■ **Your instructions**
Below are the records; return exactly the lines from the one with "老礦芝麻黑花崗巖圓形地鋪 火燒面 荔枝面地鋪 圓形地鋪 中心聚攏圓形拼貼地鋪" through the final line, both included, minus any pictures.

■ **Extracted records**

----------------------------------------

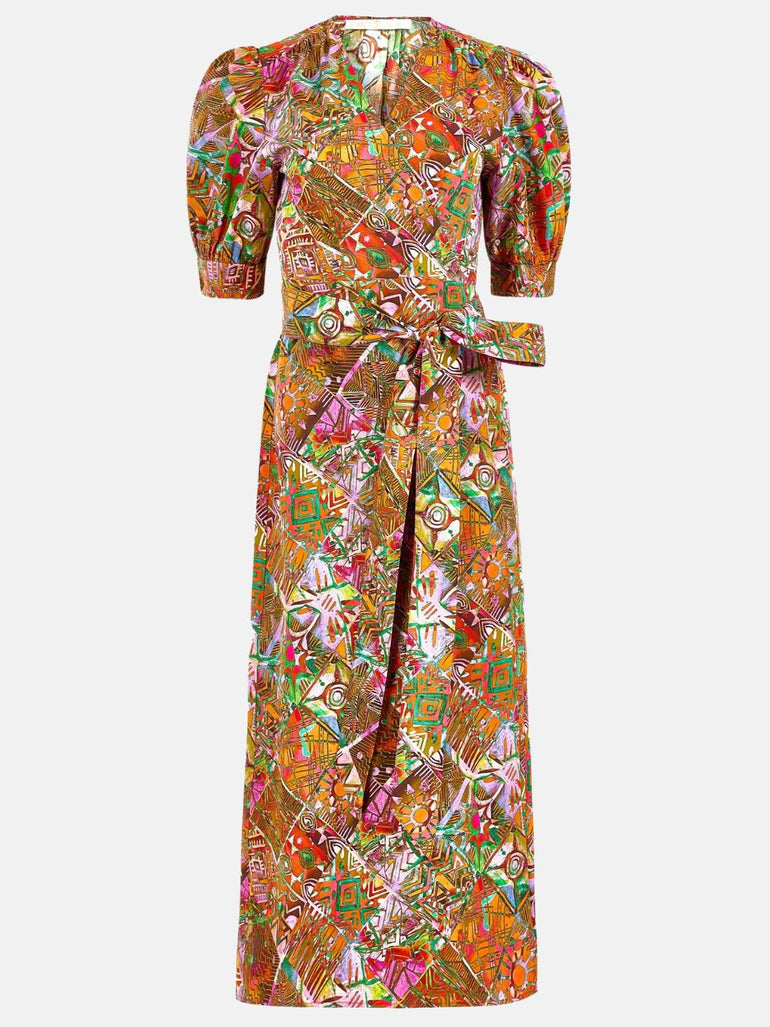 Rita Puff Sleeve Wrap Dress in Multicolor
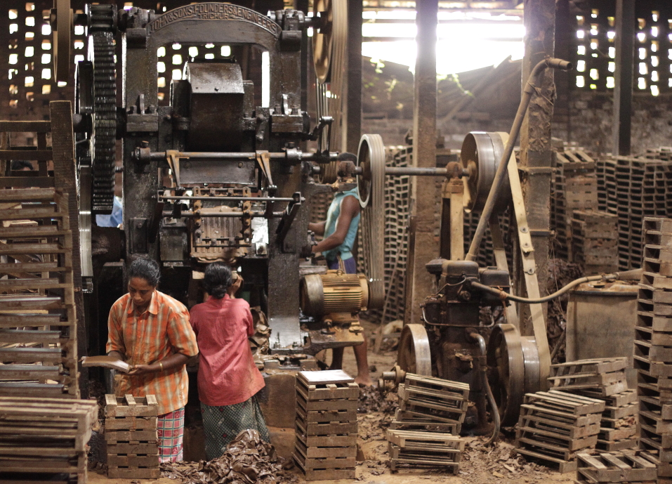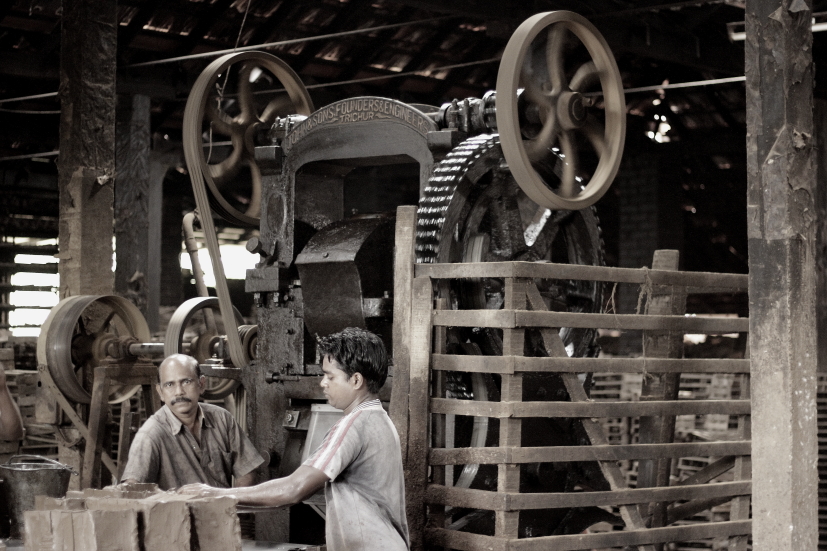 Tout au long de la saison, nous conduisons les voyageurs qui séjournent à Thrissur dans une tuilerie familiale. Cela permet de découvrir un procédé traditionnel de fabrication des tuiles. Un travail pénible dans des conditions de travail précaires. On remonte le temps de cinquante ou soixante années pour retrouver les procédés anciens et manuels.
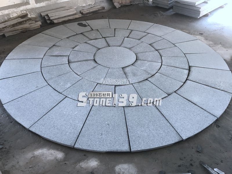 老礦芝麻黑花崗巖圓形地鋪 火燒面 荔枝面地鋪 圓形地鋪 中心聚攏圓形拼貼地鋪
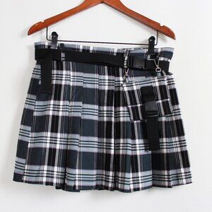 A mini skirt in black, white and grey with subtle lilac stripes. The material is lightweight with some stretch, unlined. Perfect for summer, spring and great for layering in the fall. New with tag. Great condition.
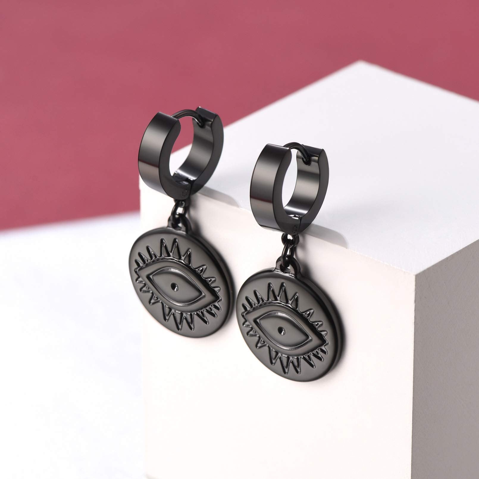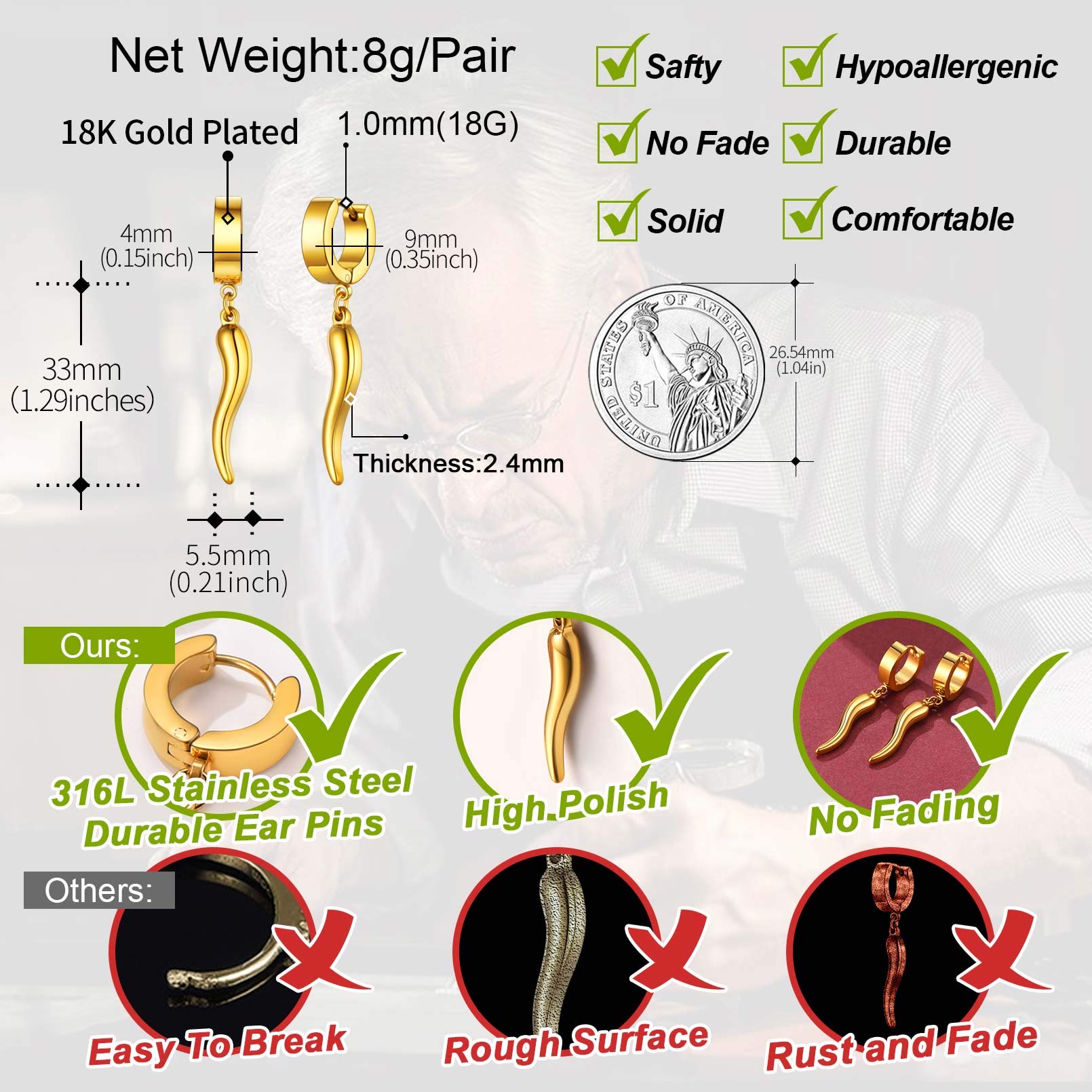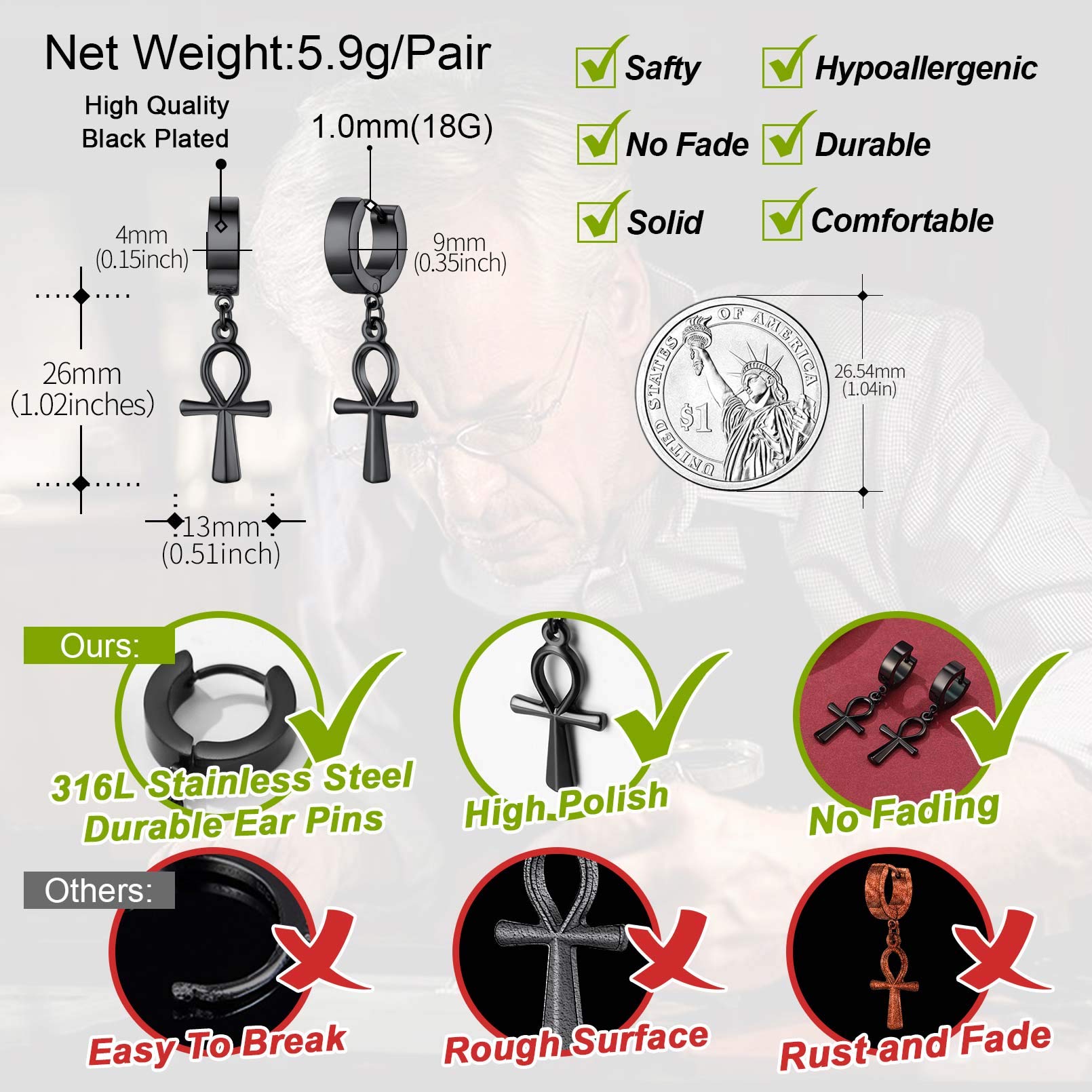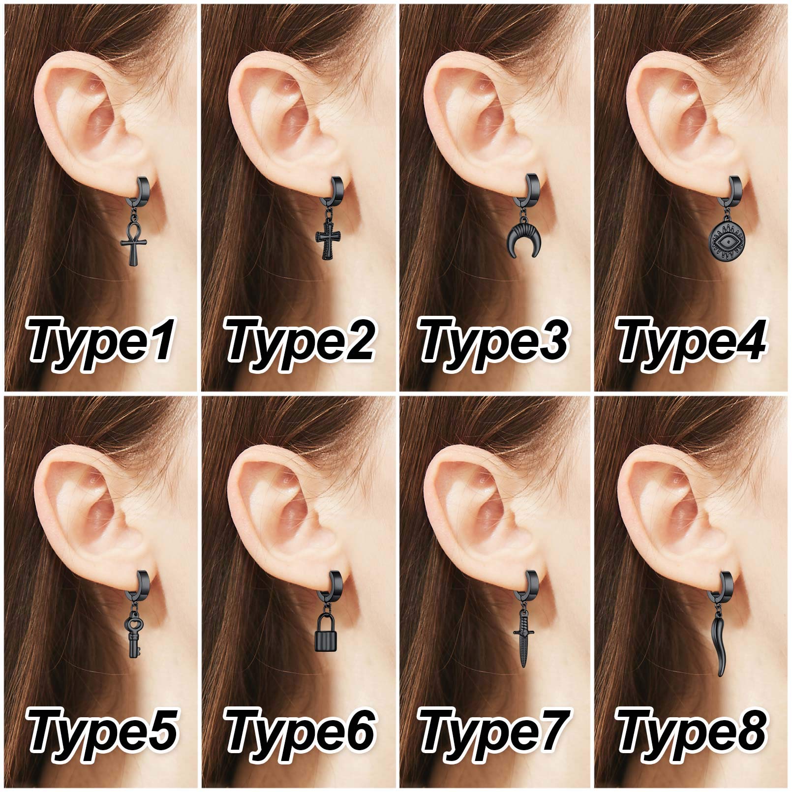 FaithHeart Huggie Hoop Earrings for Women-Stainless Steel/18K Gold Plated Dangling Drop Earring Ankh/Cross/Padlock/Italian Horn/Eye/Key Hoops Jewelry

----------------------------------------

■ **Written response**
 老礦芝麻黑花崗巖圓形地鋪 火燒面 荔枝面地鋪 圓形地鋪 中心聚攏圓形拼貼地鋪
 A mini skirt in black, white and grey with subtle lilac stripes. The material is lightweight with some stretch, unlined. Perfect for summer, spring and great for layering in the fall. New with tag. Great condition.
 FaithHeart Huggie Hoop Earrings for Women-Stainless Steel/18K Gold Plated Dangling Drop Earring Ankh/Cross/Padlock/Italian Horn/Eye/Key Hoops Jewelry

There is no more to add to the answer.